This essay reports the findings of a comprehensive study of product-liability conflicts cases decided by American courts from 1990 to 2004. One of the findings is that choice-of-law methodology plays a less significant role in the courts' choice of the governing law than other factors, such as the number and pertinence of factual contacts with a given state.

For example, regardless of methodology, in 79% of the cases in which the product's acquisition and the victim's domicile and injury were in the same state, the courts applied that state's law, regardless of whether it favored the plaintiff or the defendant, and regardless of whether that state was also the forum. Another finding is that, contrary to prevailing perceptions, American courts do not unduly favor plaintiffs as a class, nor the law or the domiciliaries of the forum state. Indeed, on the whole, the record of American courts in resolving these most intractable of conflicts is much better than one might assume from a selective reading of a few cases.

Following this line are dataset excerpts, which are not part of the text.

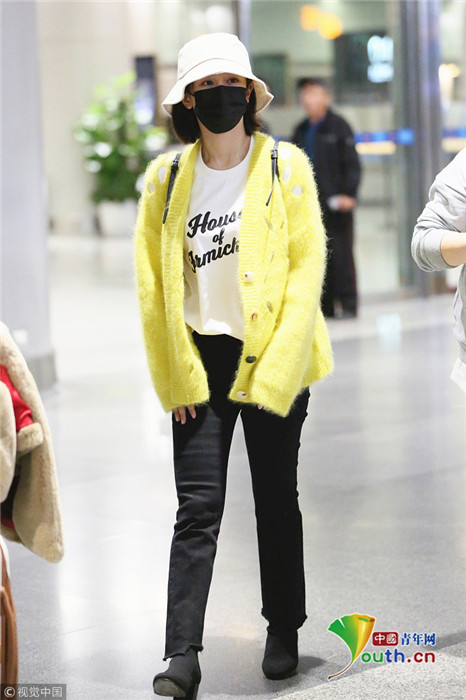 日前,楊紫現(xiàn)身長沙黃花機場,她頭戴漁夫帽的她口罩遮面,身著鮮黃針織衫相當(dāng)搶眼,一路獲粉絲跟拍。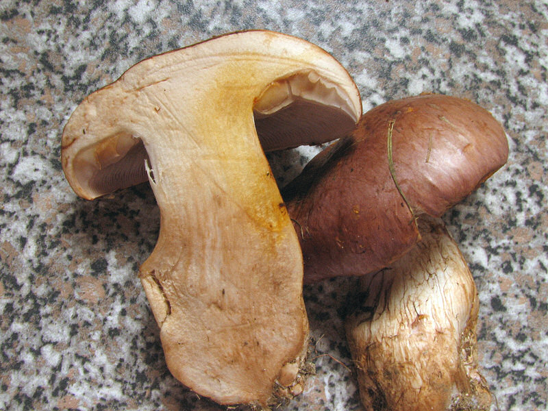 Allerdings stört mich noch immer der penetrante Kartoffelkellergeruch, außerdem habe ich den Anschnitt mal testeshalber mit Ammoniak misshandelt - und da zeigt sich dann auch die Gelbfärbung, die für C. variecolor erwähnt wird. Nur eben nicht "lebhaft", mag auch an der 9%igen Lösung liegen. C. variecolor kommt hier - zwei Kilometer entfernt im Wald - auch unter Fichten vor, und das reichlich. Nur der hier kanns ja dann nicht sein.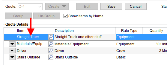 Arrow keys on the right side of the Quote tab allow you to move the selected item or group up or down in the list. The order in which the items and groups are arranged in the details section is how they appear in quote reports and when imported as revenue items in Revenue Entry.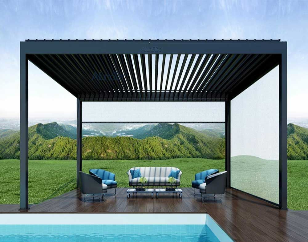 En la pérgola de lamas retactables, la cubierta, además del Hecho de que se puede plegar, está formada por lamas rotativas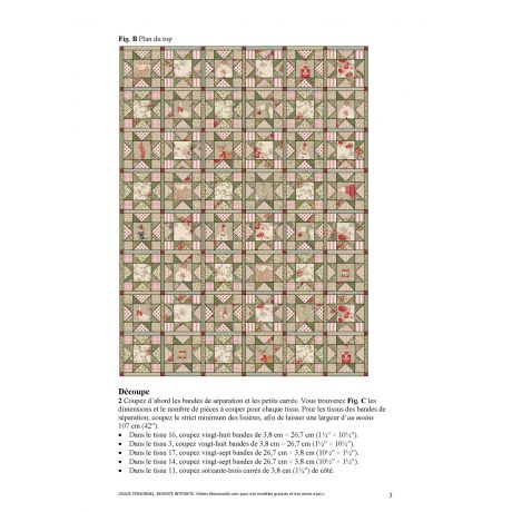 Cet adorable patchwork est facile à confectionner pour les fêtes ! Il s’agit d’un motif d’étoile à huit branches très simple, auquel on a ajouté une touche d’éclat avec des bandes de séparation étroites et des petits carrés d’un bordeaux intense. Dans cette version du quilt, nous avons choisi une palette de vert et crème. Les tissus utilisés proviennent de la collections Merry Little Christmas, sans oublier un tissu couleur pin de la collection Creating Memories, et un tissu Tea Towel Basic tissé, avec des rayures rouges et blanches.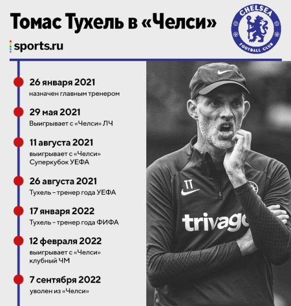 Тухеля назначили на пост главного тренера «Челси» в конце января 2021 года – тогда лондонцы барахтались на 9-й строчке АПЛ.
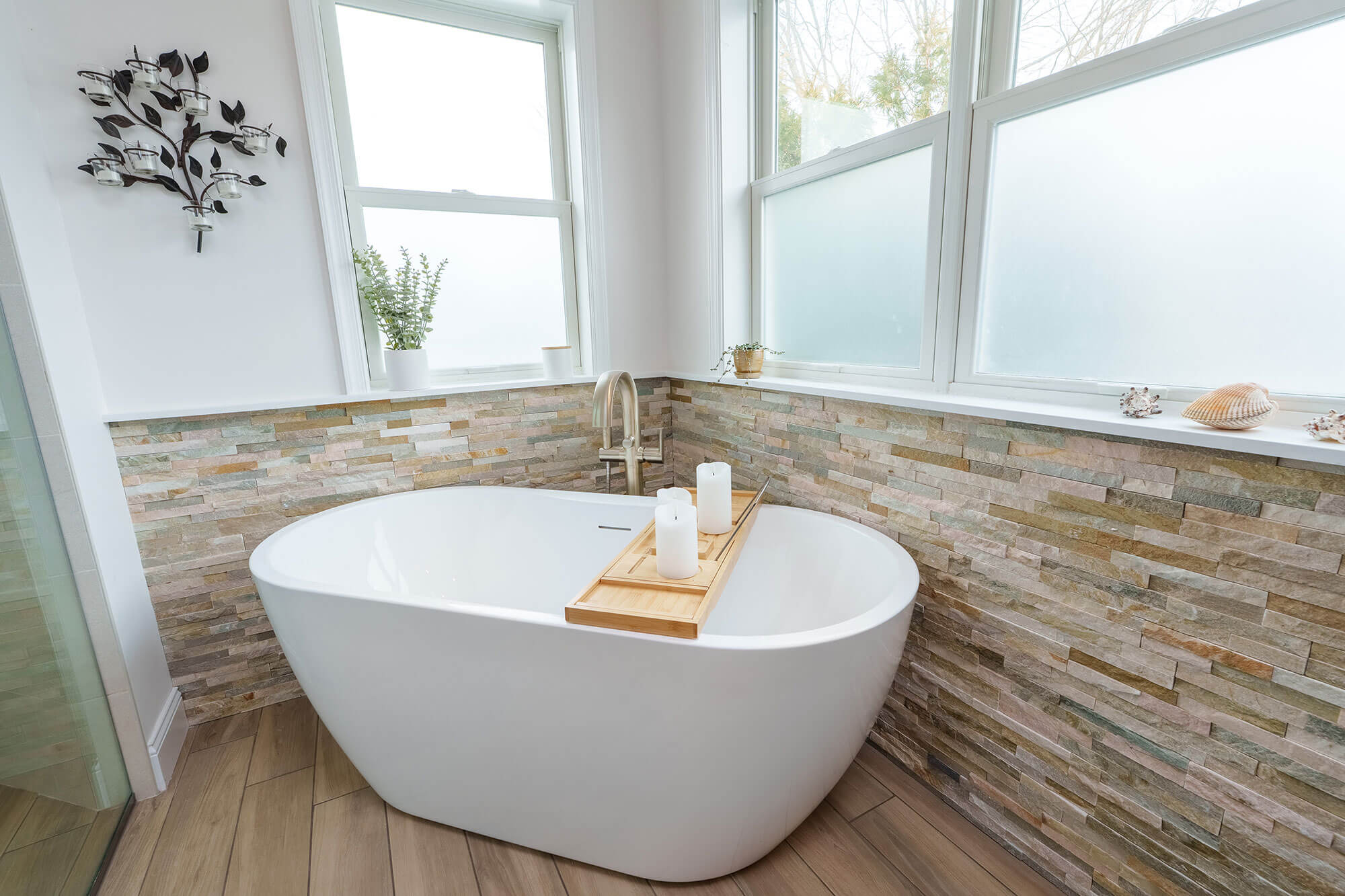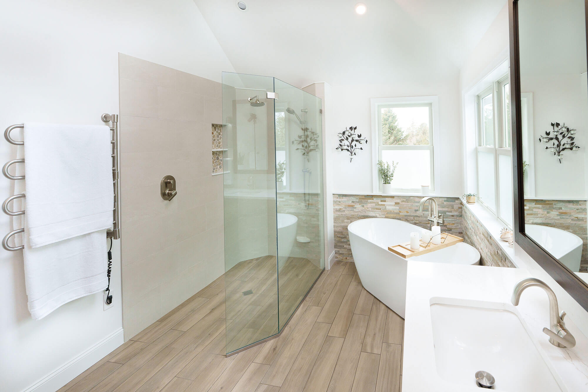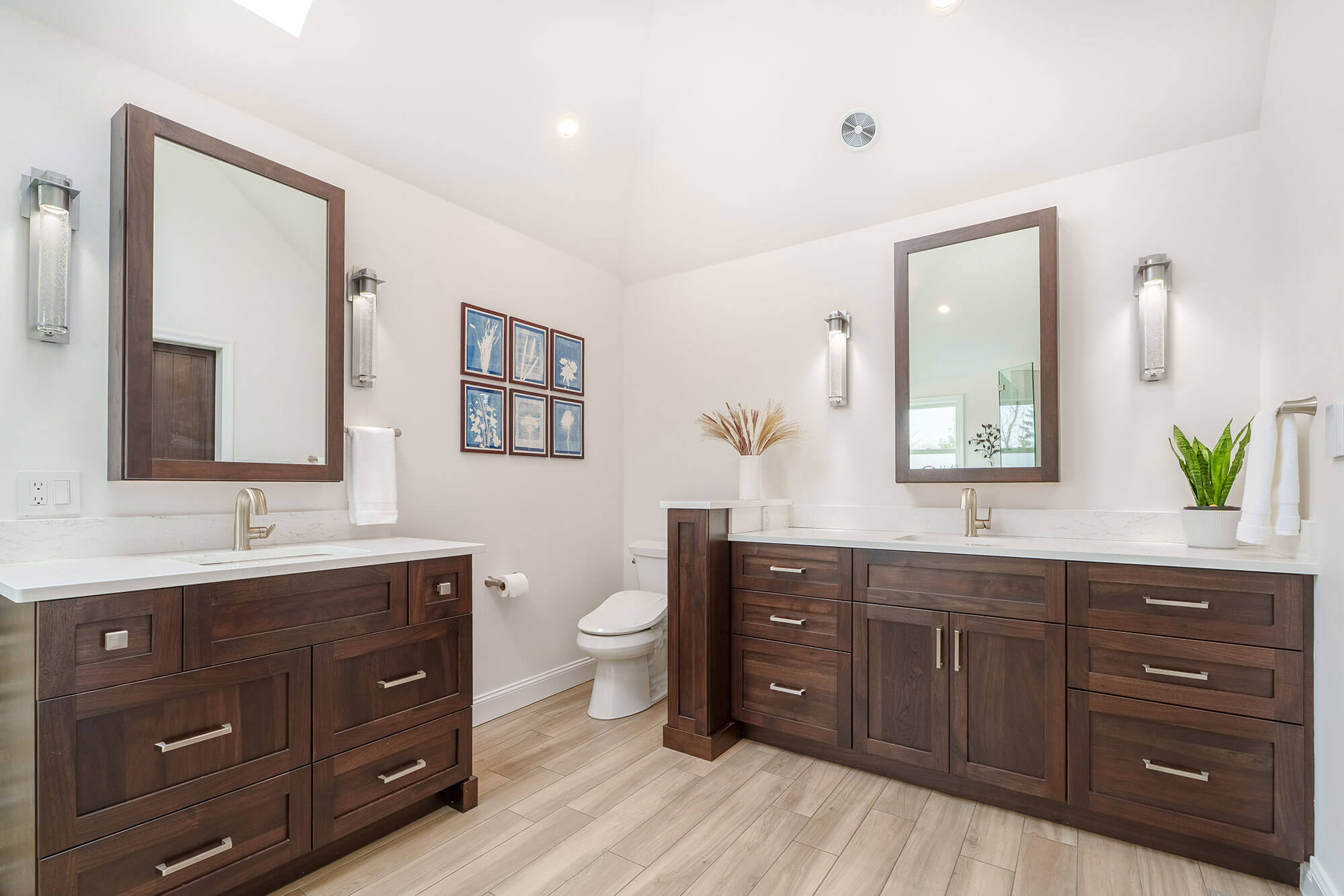 The marriage of warm woods and white-on-white-on-white in cabinetry, countertops and tile allows nature to play a role in this space. |

However, this record comes at a heavy cost in time and resources for courts and litigants. One way to remedy this problem is to provide courts with specific guidance in the form of choice-of-law rules. This essay proposes such a rule, and then examines how that rule would have resolved the cases of the study period. The answer: much in the same way (good or bad), but much more quickly, and at a lower cost.

You can download the full article here. The paper forms part of the forthcoming publication, ESSAYS IN HONOR OF JOHN P. KOZYRIS, Ana Grammatikaki-Alexiou, ed., Sakoulas-Kluwer Publishers, 2006. Recommended reading.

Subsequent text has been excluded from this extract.